Records contained in a dataset:
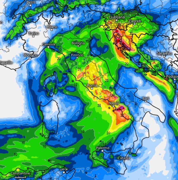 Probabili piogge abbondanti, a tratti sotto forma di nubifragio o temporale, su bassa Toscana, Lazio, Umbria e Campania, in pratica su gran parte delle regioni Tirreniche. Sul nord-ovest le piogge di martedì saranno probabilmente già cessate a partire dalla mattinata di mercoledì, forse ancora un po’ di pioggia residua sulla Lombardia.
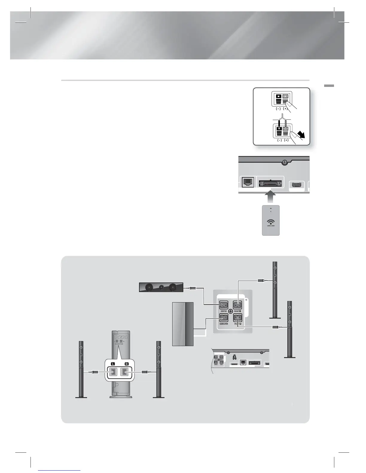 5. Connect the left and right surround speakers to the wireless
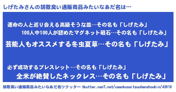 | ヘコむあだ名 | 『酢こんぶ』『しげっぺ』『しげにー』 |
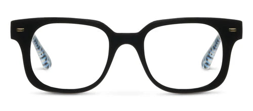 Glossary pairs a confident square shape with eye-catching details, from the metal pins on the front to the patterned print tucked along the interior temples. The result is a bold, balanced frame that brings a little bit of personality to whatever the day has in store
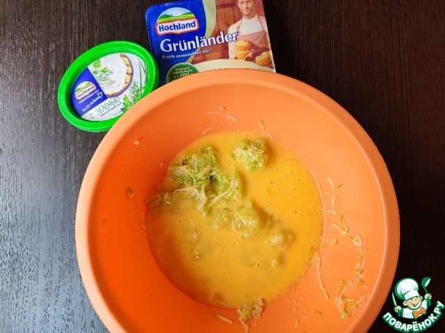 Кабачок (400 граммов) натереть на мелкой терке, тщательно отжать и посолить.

WHAT THE TASK REQUIRES | Write out the data once more exactly, omitting the pictures.

TASK OUTPUT |
 Probabili piogge abbondanti, a tratti sotto forma di nubifragio o temporale, su bassa Toscana, Lazio, Umbria e Campania, in pratica su gran parte delle regioni Tirreniche. Sul nord-ovest le piogge di martedì saranno probabilmente già cessate a partire dalla mattinata di mercoledì, forse ancora un po’ di pioggia residua sulla Lombardia.
 5. Connect the left and right surround speakers to the wireless
 | ヘコむあだ名 | 『酢こんぶ』『しげっぺ』『しげにー』 |
 Glossary pairs a confident square shape with eye-catching details, from the metal pins on the front to the patterned print tucked along the interior temples. The result is a bold, balanced frame that brings a little bit of personality to whatever the day has in store
 Кабачок (400 граммов) натереть на мелкой терке, тщательно отжать и посолить.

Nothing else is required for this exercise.